- Born: 1770 Worcestershire, England
- Died: 24 February 1843 (aged 72–73)
- Occupations: Weaver and maid
- Spouse(s): James Bloodsworth, Joseph Downey
- Children: 8
- Parent(s): Richard Bellamy, Elizabeth Staunton

= Sarah Bellamy =

Sarah Bellamy (1770 – 24 February 1843) was a convict on the First Fleet to Australia. She was sentenced for several years' transportation and was one of the longest-living first fleeters.

==Early life==
Bellamy was born in 1770 to Richard and Elizabeth Bellamy and before she was convicted, she was unemployed.

==Crime and sentencing==
She was convicted on the 9 July 1785 for robbing a purse full of cash and prommissary notes containing 630 shillings. Bellamy was sentenced to seven years transportation. Two days before she left for Botany Bay she pleaded to be publicly whipped and not to be transported but her pleas were ignored and she left England at age 17 in May 1787.

==Journey to Australia==
She travelled to Australia aboard the Lady Penrhyn. Bellamy had to share the ship with one hundred and one other women; no male convicts were on the ship. Aboard the ship she had a short-lived relationship with one of the sailors, Joseph Downey; they had a baby aboard the ship but he died 9 days later. Their relationship did not continue when they reached their destination. It took 252 days to reach Botany Bay.

==Convict years==
She first worked as a housemaid to Lieutenant Faddy and, later, a weaver. She later married James Bloodsworth, and together they had seven children of which four died at infancy. Due to James being a bricklayer and architect they lived together in a beautiful house, had a high social status and were quite wealthy due to James's salary being 50 pounds.

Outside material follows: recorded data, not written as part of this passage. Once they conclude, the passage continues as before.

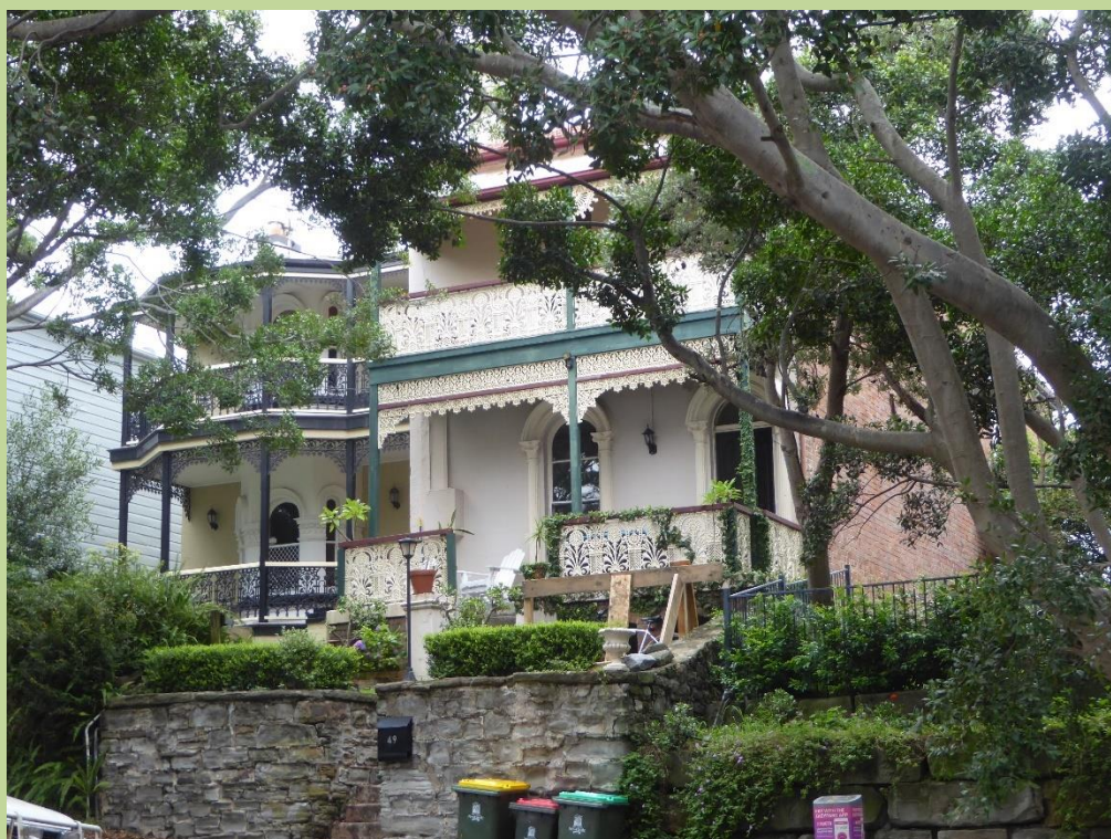
Homes on The Hill: we attended parties here with people such as Milorad Pavlovic and Greg Giles. Some of these old homes had 14-foot ceilings
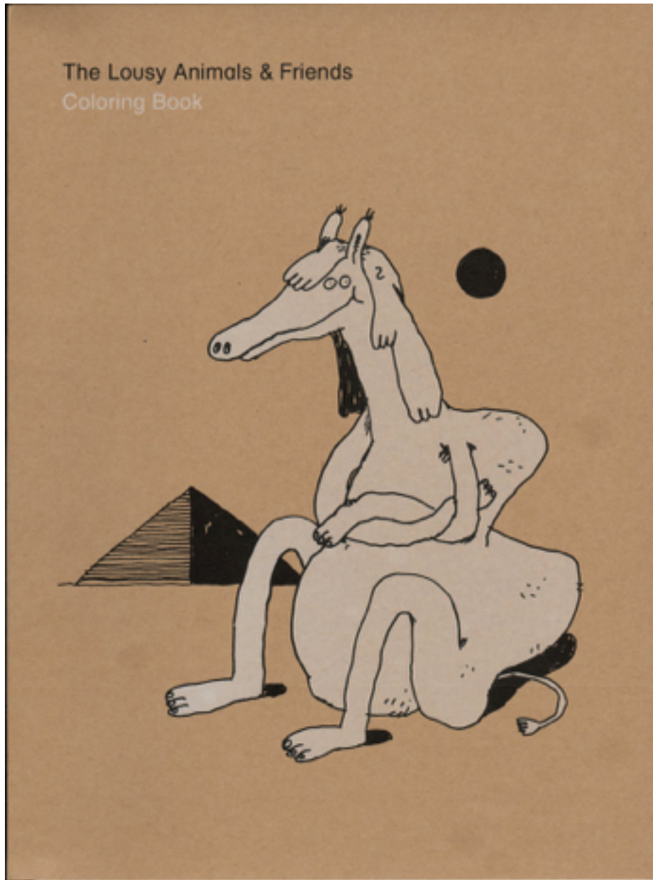
The Lousy Animal and Friends, colouring book Rollo-Press 2008
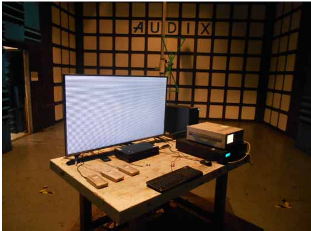
SETUP WITH MAXIMUM DETECTED EMISSION AT VERTICAL POLARIZATION (TEST MODE: HDMI 3840*2160@60Hz & 1kHz PLAYING)
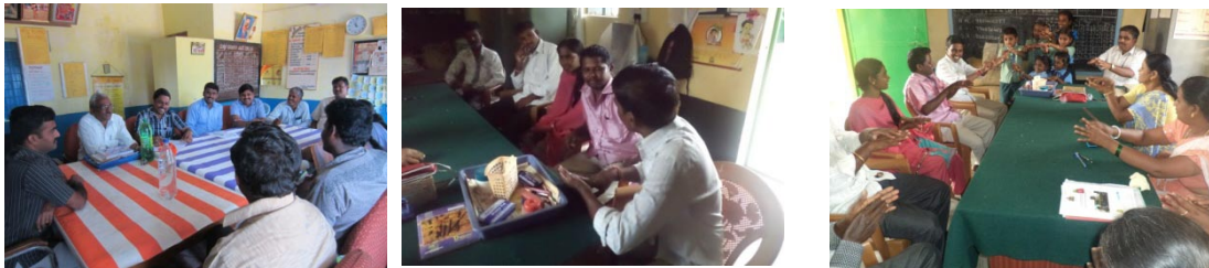
Meeting with stakeholders and SDMC members about Implementing SWACHA shale programme
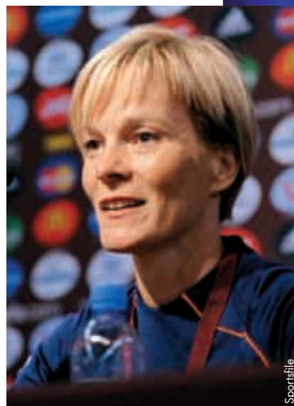
Vera Pauw, Russia's new technical director for women's football
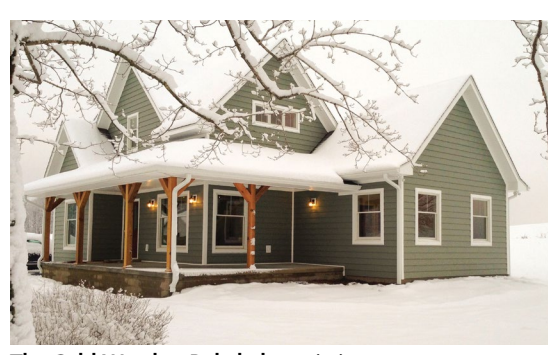
The Cold Weather Rule helps existing consumermembers maintain electric services during the winter.

Rolling Hills Electric Cooperative Inc. wants consumermembers to have the electric service needed to keep their homes warm during the winter. Rolling Hills Electric also recognizes the member's responsibility to make contact to establish payment arrangements. When we work together it ensures both goals are met.
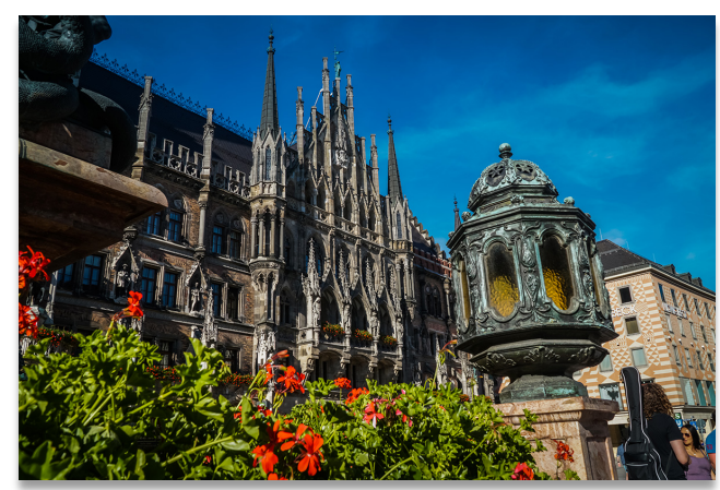
Munich Townhall
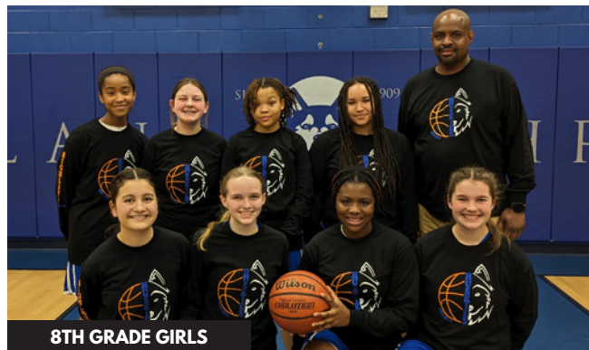
8TH GRADE GIRLS
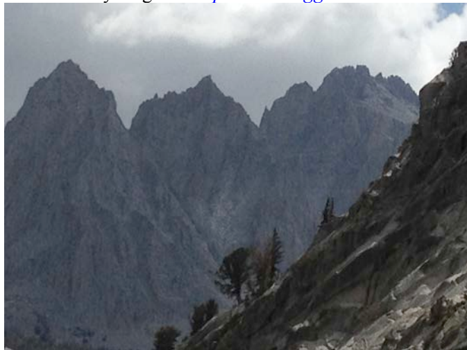
Storm clouds and steep granite; nice country!
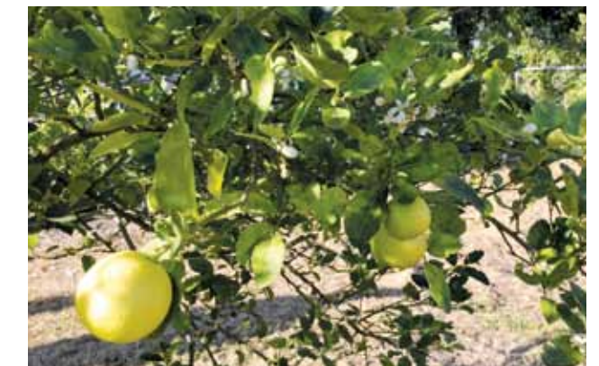
LIVING HISTORY GROVE: A modern-day farmer has returned the use of land to the agricultural mode. Local historians report this area was used in the 1880's by pioneer farmers. Fifty producing Key lime trees along with dozens of pineapples will give the visitor a glimpse of how early pioneers were able to survive before the modern day grocer.
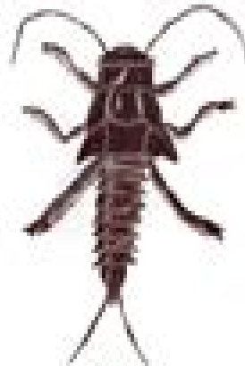
Giant Stonefly (Plecoptera: Perlodidae) 20-30mm
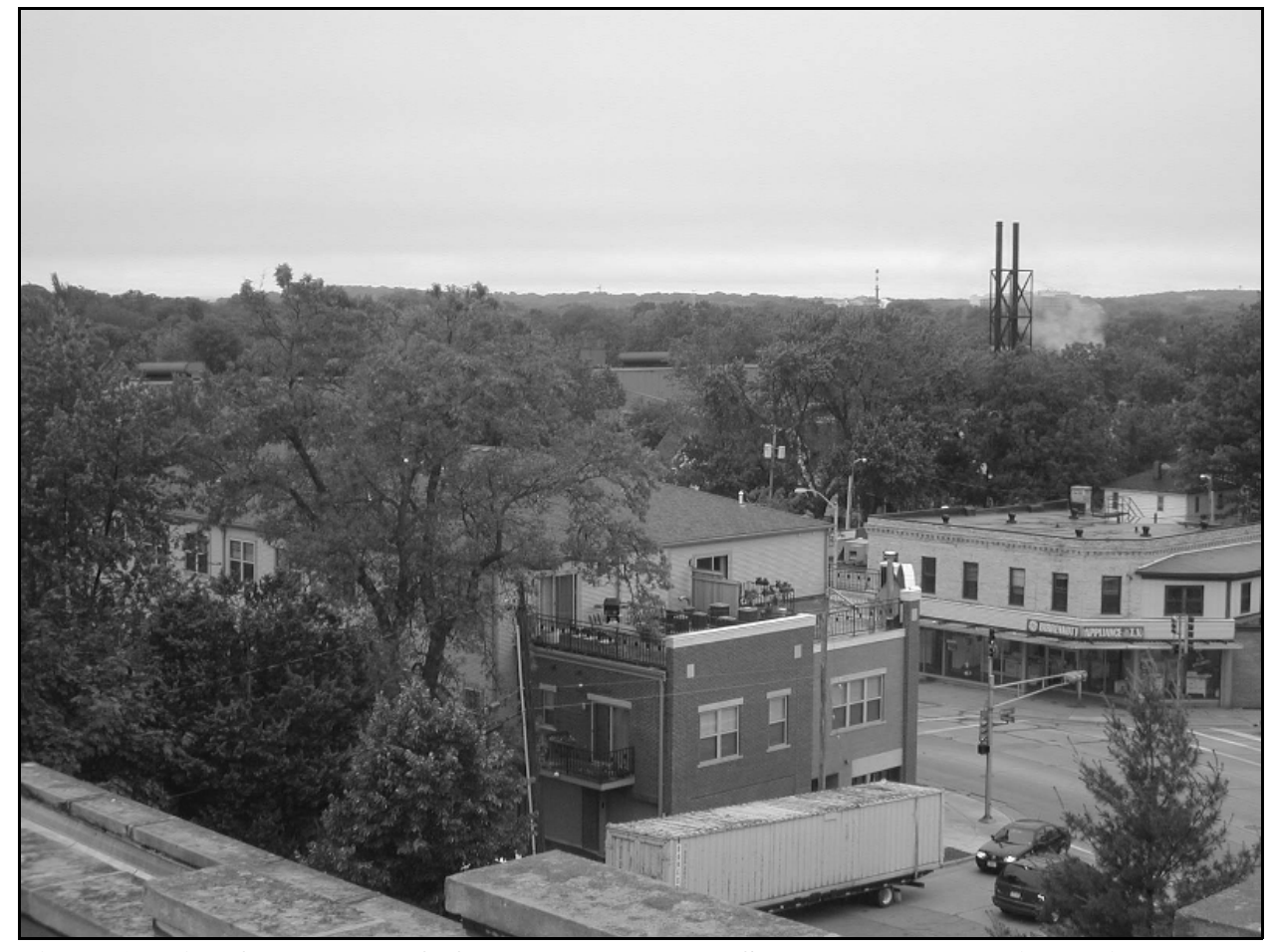
Figure 1 - View from the Roof of Lowell Elementary School towards Madison-Kipp

Besides discharges from Madison-Kipp Corporation, located one block to the west, the school and nearby student homes are located along Atwood Avenue and East Washington Avenue, significant transportation corridors in Madison, and the flight path of the main runway at the Dane County Regional Airport.
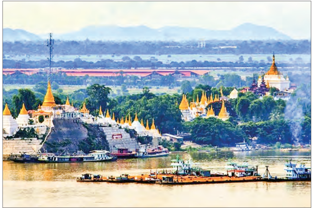
Shwe-Kyet-Yet and Shwe-Kyet-Kya Pagoda.

(Extract from a speech delivered by General Aung San on 11 February 1947 in Panglong at a dinner with Sawbwas)
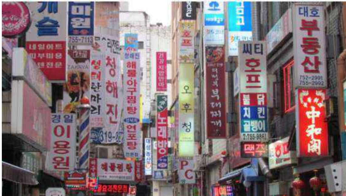
A street in Seoul, South Korea
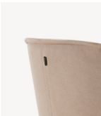
Without strap handle

ENTIRE COLLECTION ANSI/BIFMA X5.4 (2020) Lounge and Public Seating
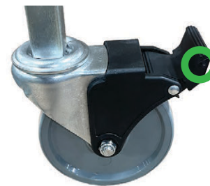
Combination braking and locking casters available
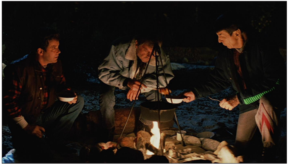
▲ Even the crew of the Starship Enterprise enjoys the pleasures of “camping out.”
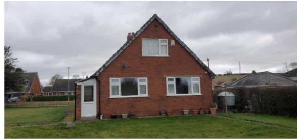
2 South aspect
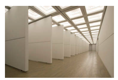
Gallery for Artist Associations

Number of visitors per year 2007 1.317.508 2010 1.266.989 2013 1.205.249 2008 2011 1.253.764 2014 1.193.917 1.309.747 2009 1.246.840 2012 1.259.966 2015 1.194.428
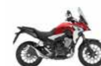
Grand Prix Red
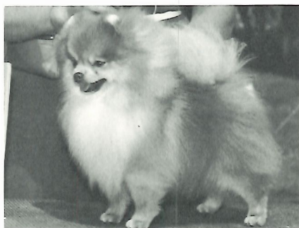
#3 Pom 1982, Multi-Group Winner Ship to Boston.
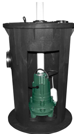
912-0088 Premium Basin (Top Discharge)
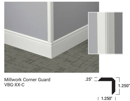
Millwork Corner Guard VBG-XX-C
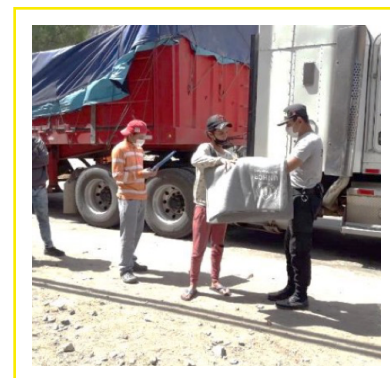
Humanitarian support in Cuzco by UNHCR- Regional Government

More than 640 persons of concern are receiving shelter and daily food support in 20 shelters/collective accommodations supported by UNHCR in Lima, Tacna and Tumbes. A set of guidelines was developed to be operative in all shelters aiming to safeguard hygiene and health conditions.
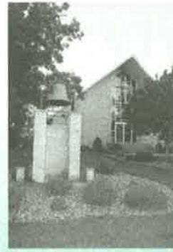
Immaculate Conception Riceville, IA
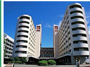
Accommodation & Seminar room
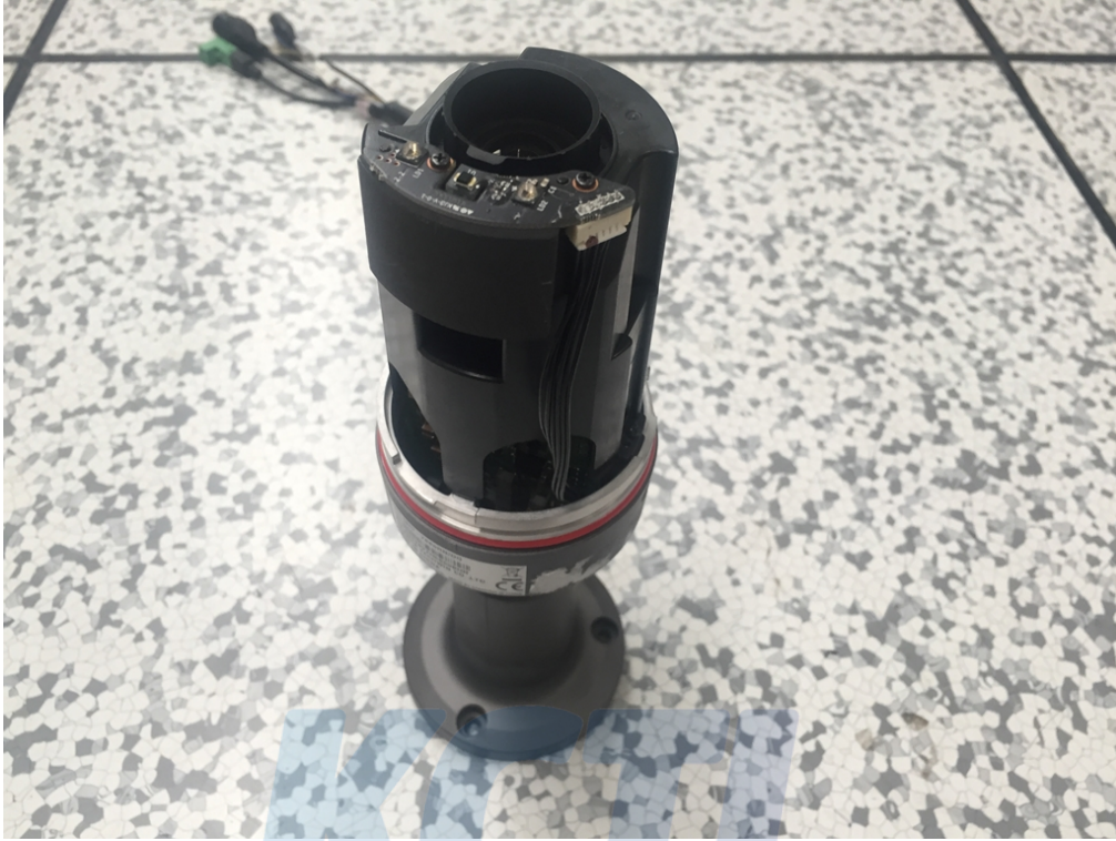
[Test result confirmation 01]
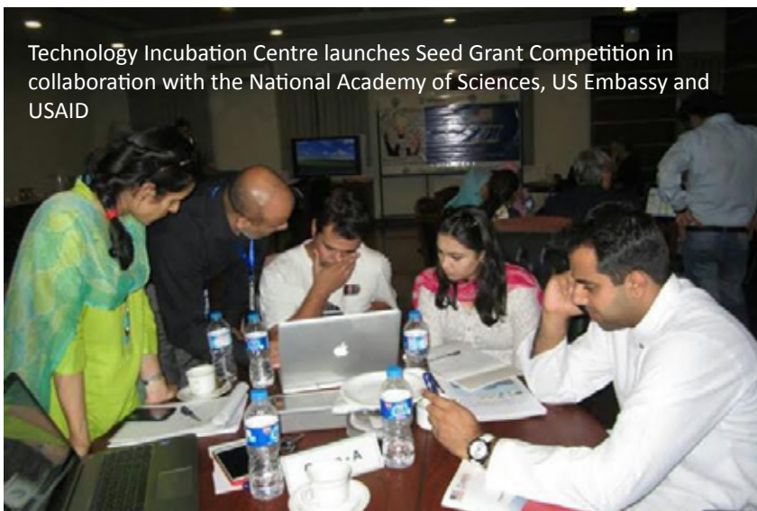
Technology Incubation Centre launches Seed Grant Competition in collaboration with the National Academy of Sciences, US Embassy and USAID
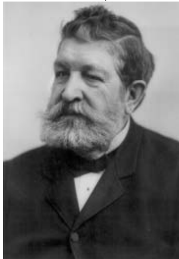
Sen. A. W. Ogilvie, 1870-71
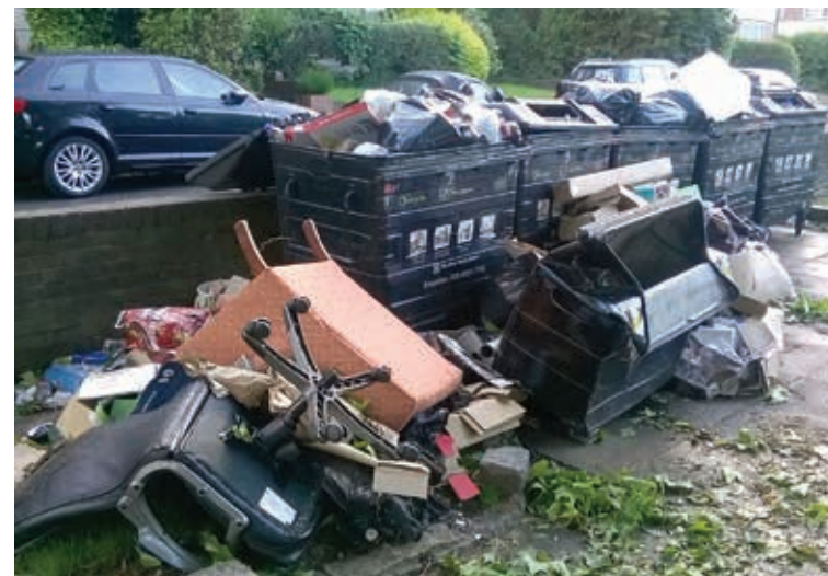
Health hazard: Flytipping on the Great North Road.

Single-storey rear infill extension. Extension to existing rear outbuilding. Additional outbuilding, replacing shed.
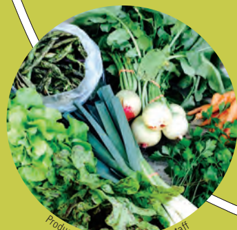
Produce from QBG Farm / QBG staff
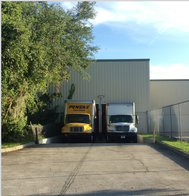
Dock High Loading Area
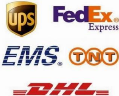
Shipping by air with Express
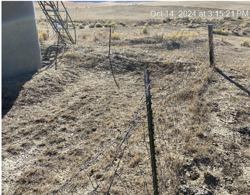
Inadequate tank berm
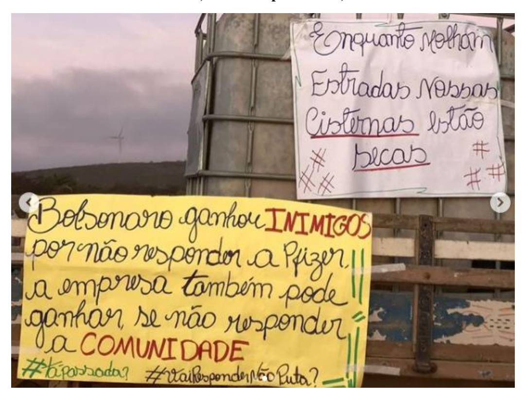
Photograph 03: Posters at the demonstration at the Morrinhos Wind Farm, in Campo Formoso, Bahia – September 20, 2021.
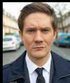
DI Mill – investigating the postcards

"You'd be surprised how little a million pounds actually covers these days" Roger – no.92
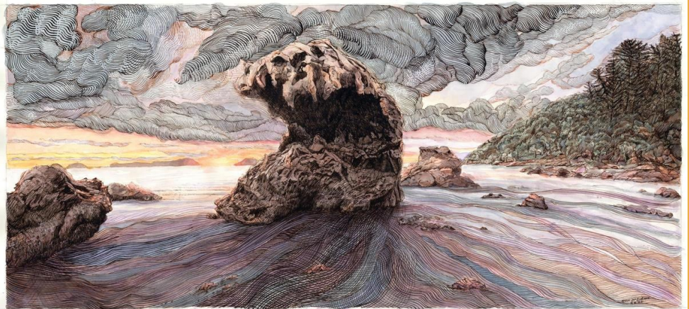
Giant rock cape hills borrough, pen ink watercolour 93.5x123cm
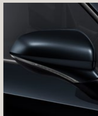
FIORD BLUE 1 St FR

Bellamy's family gained a very good reputation throughout the new colony. She outlived her husband, who died on 24 March 1804 from pneumonia, leaving her with three young children—the oldest being 13 years old. She lived with her children but didn't marry again and later was granted a conditional pardon on 23 February 1811. In fact, James and Sarah never married, because it was known that James had left a living wife (Jane Marks; married 9 December 1782) and several children in England when he was transported.

==Death==
She died on 24 February 1843. The reason of her death is unspecified but is thought to be of natural causes. She was buried two days after her death at Meekcity Street Cemetery. She was joined by four of her children, James Bloodsworth (died 16 April 1857), John Bloodsworth (died 14 April 1873) Ann Bloodsworth (Bray) (died 16 April 1875) and Elizabeth Bloodsworth (died 1871).